Iowa State University economist Bruce Babcock says corn seems to be getting a “bad rap” for causing price hikes at the grocery store. “It is getting a bad rap and one reason why it’s getting a bad rap it’s so easy because corn is in almost all the food that we eat,” Babcock says. “People just think, ‘Well, if the price of corn has gone up $3 or $4 a bushel, that must mean it’s responsible for everything that’s happening with food prices.”

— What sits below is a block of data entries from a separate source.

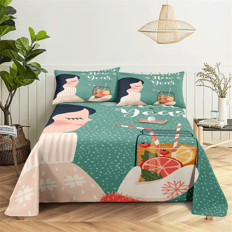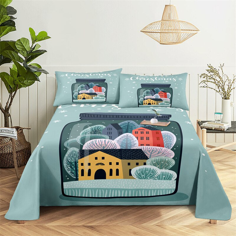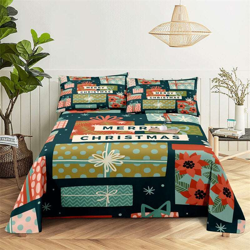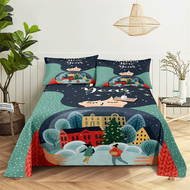 This Christmas Children's Bed Sheet Set is perfect for your family and friends to get warm in winter. This gorgeous bedding set is made of 100% cotton and polyester and has a lightweight sheet and pillowcase. Its bright colors will make this sheet set stand out in any room. The high thread count ensures that your sheets stay smooth and itch-free so you will have no more uncomfortable bedding experiences!
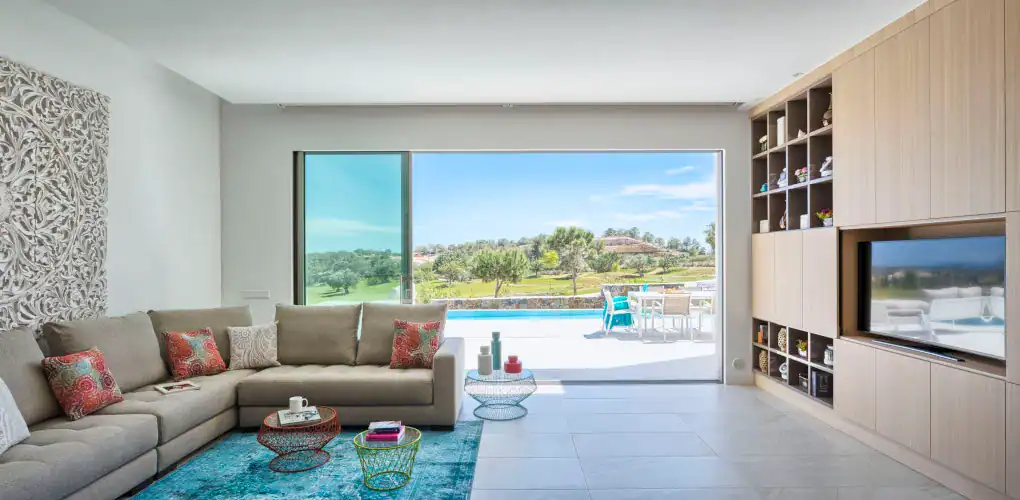 This meticulously designed villa spans 270 sqm (2,906 sq ft) and features high ceilings and expansive windows that enhance natural light and create an airy, open-plan living environment. Thoughtfully designed with intelligent features, the villa includes bi-folding kitchen units that can be closed to create a minimalist aesthetic, adding to the sleek, modern feel.
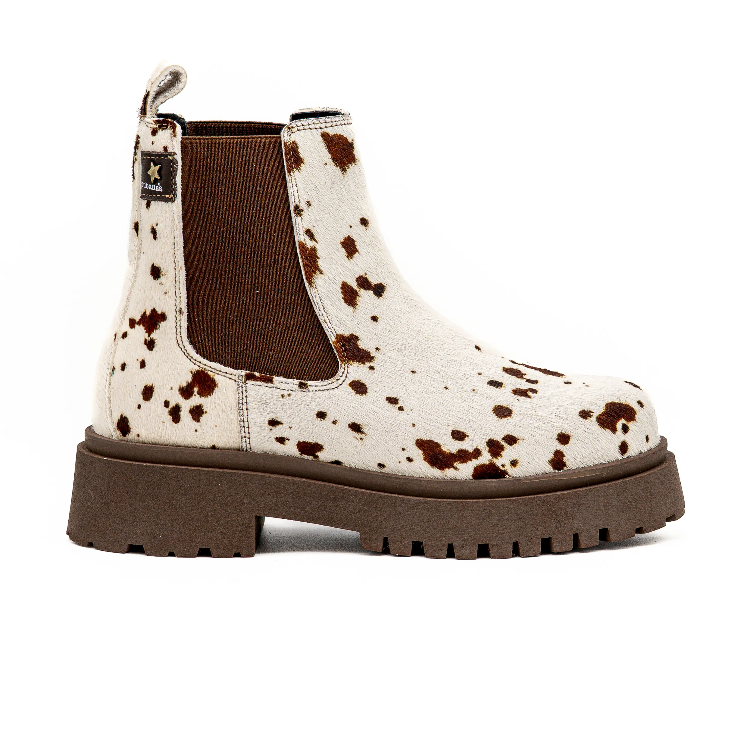 Esta bota com um padrão animal print é definição de ousadia e elegância.
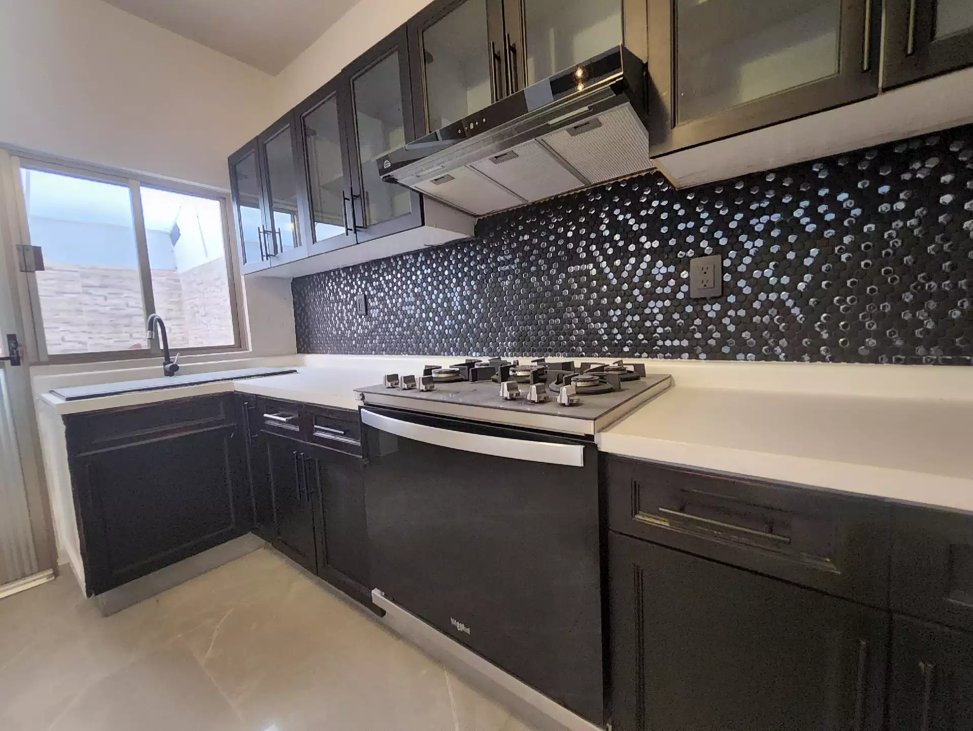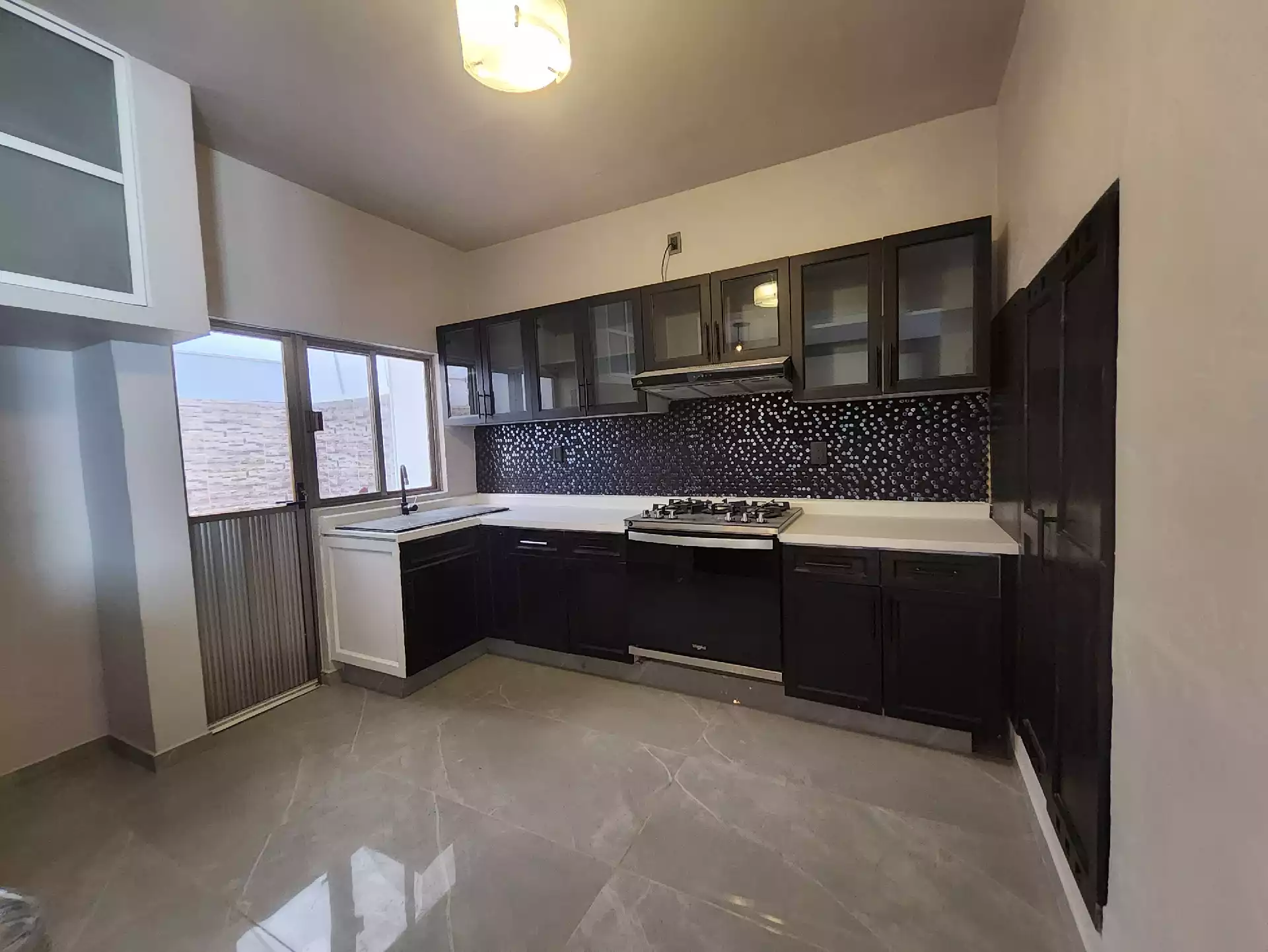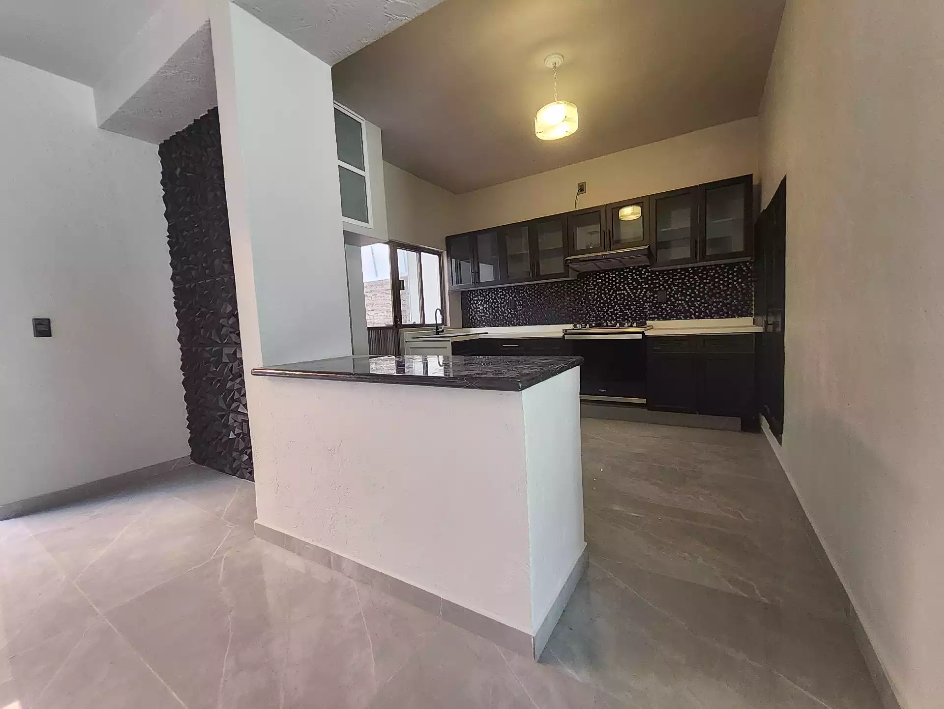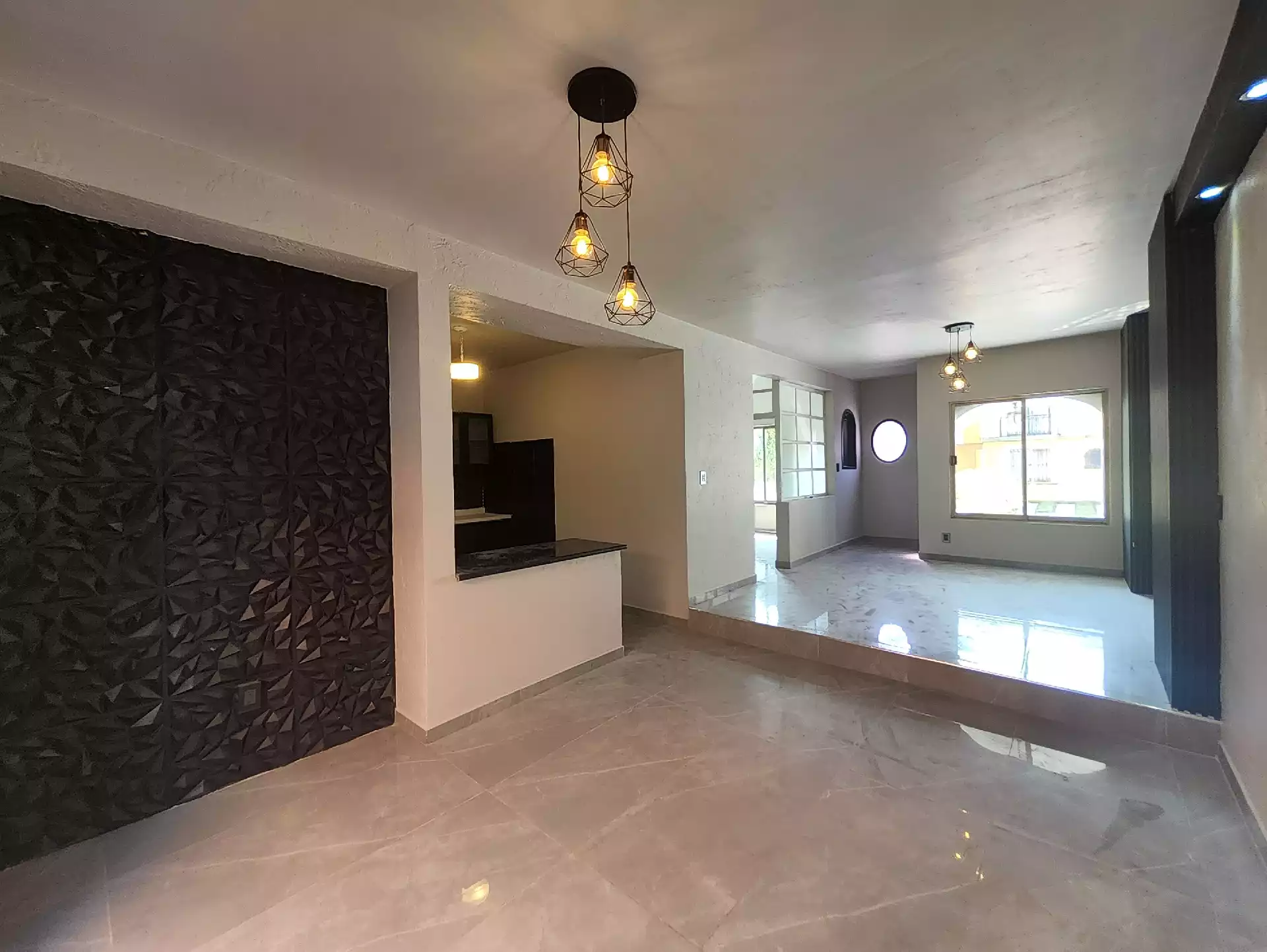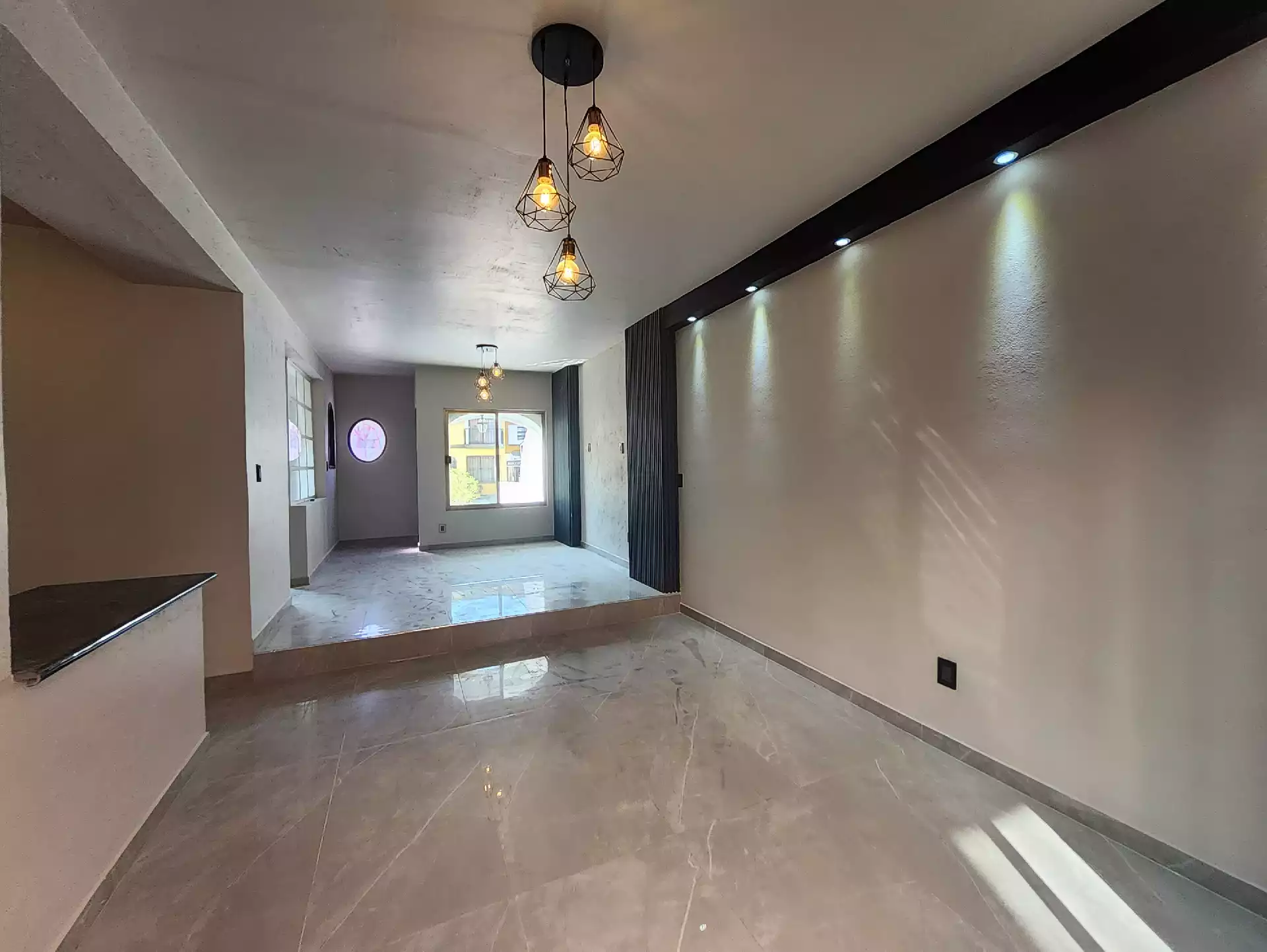 En la planta baja se encuentra una cocina integral completamente nueva, un área de despensa con puertas debajo de la escalera y un patio trasero con lavadero, boiler de paso cerrado y una alacena ideal para guardar artículos de limpieza. La sala y el comedor se encuentran a desnivel, con pisos de porcelanato nuevo tipo mármol que le dan un toque moderno. En este nivel también hay un cuarto de estudio con puerta y una cómoda bodega bajo las escaleras, también con porcelanato.

High-fructose corn syrup is an ingredient in many foods and is in nearly all soft drinks, but Babcock says it’s an incredibly small portion of each bottle or can of pop that’s sold so the per bushel price of field corn isn’t having “much” of an effect on the prices of soft drinks. “Really where almost all the corn in our food supply is going is in livestock feed and so as feed costs go up we’ll eventually see higher meat prices because of that,” Babcock says. “…Up until ethanol came in, that feed use of corn (accounted for) the vast majority of the corn crop.”

Some critics say rising corn prices are also raising prices at the pump. Gasoline prices for some premium blends have crossed the four-dollar-per-gallon threshold at some Iowa stations. However, Babcock says research suggests corn-based ethanol fuel is actually helping to reduce the cost of a gallon of gas, if it’s an ethanol blend. “A colleague of mine, professor Hayes and his graduate student, did a study on that and they came up with about 30 cents a gallon,” Babcock says. “I did another kind of study that said, ‘Given where we are today with ethanol what if we backed off a little bit? What would it be?’ and so if you had a 20 percent reduction in ethanol production, I estimated somewhere about four or five cents a gallon. Not big, but every little bit helps, I think.”

Babcock made his comments during a recent appearance on Iowa Public Television.